DEATH AND OUR LIVES AS CHRISTIANS
By Cardinal Jean Daniélou4
◊◊◊
THE CHRISTIAN LIFE is altogether an act of waiting. Christians know
that they are made for greater things. They feel acutely the misery of their
present condition. They aspire to be relieved of the weight of animal life and its
servitude. “I desire to be dissolved and to be with Christ” (Phil 1:23). While the
carnal in us grasps desperately at pleasures and possessions, the Christian lives
already in the order of being, detached, free, making use of time, so long as it is
given, to perform works of charity towards all – an activity invisible to the eyes
of the world. The Christian life is a hidden life. But when the world is folded up
like a tent, the reality that has been hidden until that moment will be clearly
revealed. It is to prepare oneself for this solemn act, which is the entry of every
person into the heavenly Temple, through the veil that still conceals it, that
one’s whole life must be devoted.
That life consists for the Christian in being endowed little by little with
divine manners… We must not be without a country on our arrival in heaven.

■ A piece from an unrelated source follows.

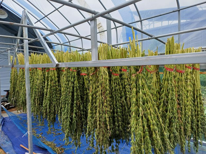 비오는 하우스안에서 마누라와 어제 땀범벅으로 베어낸 참깨 잎 따 내고 꺼꾸로 매달아 건조

Our life is an apprenticeship. It is a matter of learning the rudiments of what we
shall have one day to do. So let us already try in prayer to stammer what will
later be the ‘conversation in heaven’ with God and his angels; so we must try to
make less crude this intellect of ours, which is so immersed in the world of time
and space, and to acclimatize it gradually to heavenly things through the action
of the gifts of the Holy Spirit. Thus charity itself is the clumsy beginning of that
complete communion which will embrace all the saints. So doing, we begin to
do what we have always to do. It is our real life which is being mapped out. Let
us begin it.
4 The Presence of God, Baltimore 1959, pp.55-57.